CF 92101 - Labyrinth-1

We can view the labyrinth as a large grid graph where each cell is a vertex and adjacency exists between cells sharing a side. Movement between adjacent cells is sometimes blocked by a permanent wall, sometimes by a door, and otherwise is free.

CF 92101 - Labyrinth-1

Rating: 3200
Tags: -
Solve time: 2m 33s
Verified: no

Solution

Problem Understanding

We can view the labyrinth as a large grid graph where each cell is a vertex and adjacency exists between cells sharing a side. Movement between adjacent cells is sometimes blocked by a permanent wall, sometimes by a door, and otherwise is free. The robot starts from a fixed cell and must reach any designated exit cell.

The twist is that doors are not passable unless they are opened, and opening a door consumes a key. Keys are scattered across cells, and each key can be picked up and used exactly once. Importantly, every key can open any door, so keys are not tied to specific doors, only to consumption events. This turns the problem into planning a traversal that both collects resources and spends them to remove obstacles.

The output is not just a path, but a program in a small imperative language. This language supports primitive actions like moving, taking a key, and opening doors, plus structured control flow via bounded loops and conditional branching. The program must be syntactically valid, respect the execution limits, and successfully guide the robot to an exit on the known maze instance.

The constraints imply a grid up to one million cells and up to one hundred thousand doors and keys. A direct simulation or full state search over positions and key subsets is infeasible because the state space includes both location and key inventory, which would explode combinatorially. Even a shortest path computation on an expanded state graph would become large when accounting for door dependencies.

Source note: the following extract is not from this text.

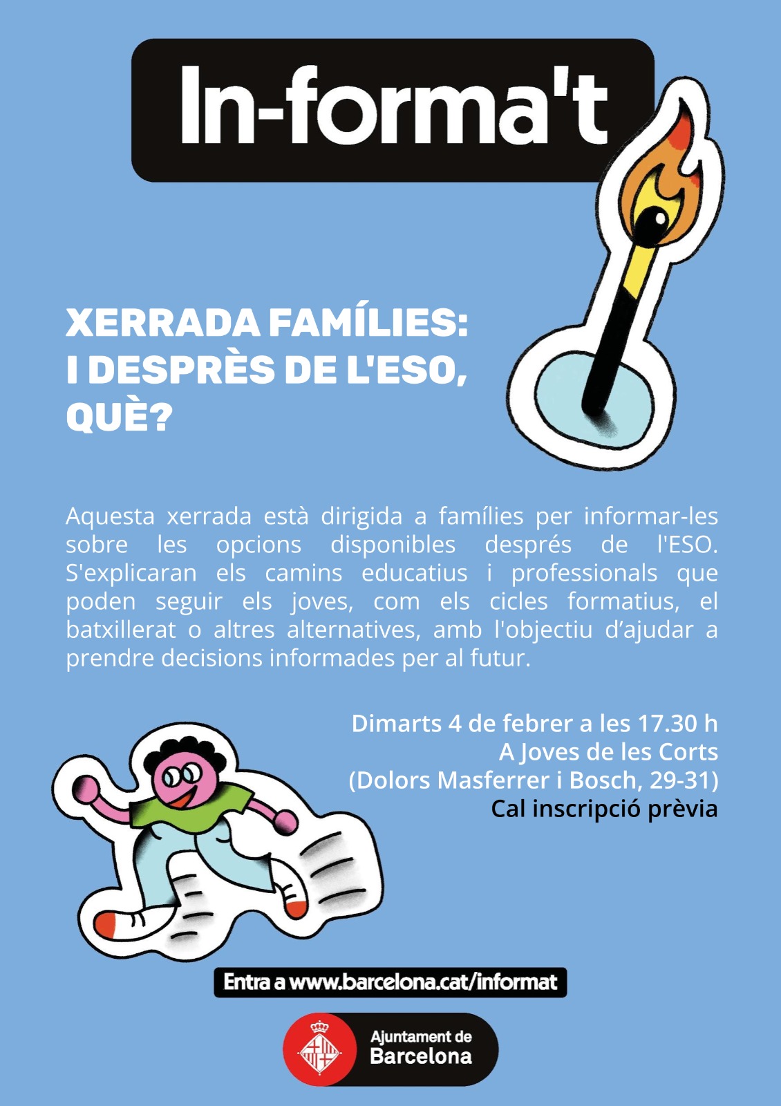Aviat haureu d’acompanyar als vostres fills i filles a escollir nous itineraris educatius: batxillerat, cicles formatius o altres alternatives.  Si aneu perduts o voleu aclarir dubtes no dubteu en assistir-hi.

A naive BFS over states of the form (cell, keys held, opened doors mask) is immediately impossible because the door state alone is up to 2·10^5. Even storing visited states is infeasible.

A key subtlety is that keys are fungible and doors are independent edges that require one unit of resource. This removes pairing constraints and reduces the problem from “which key opens which door” to “ensure we collect enough keys before crossing enough doors”.

A second subtlety is that the output is a program, not a path list. This means we are rewarded for compression and structured repetition. However, correctness still depends on producing at least one valid route.

Edge cases arise when:

A naive shortest path ignores door consumption entirely, producing an infeasible route when no keys are collected before doors.

A naive greedy DFS may dead-end behind doors after exhausting keys early.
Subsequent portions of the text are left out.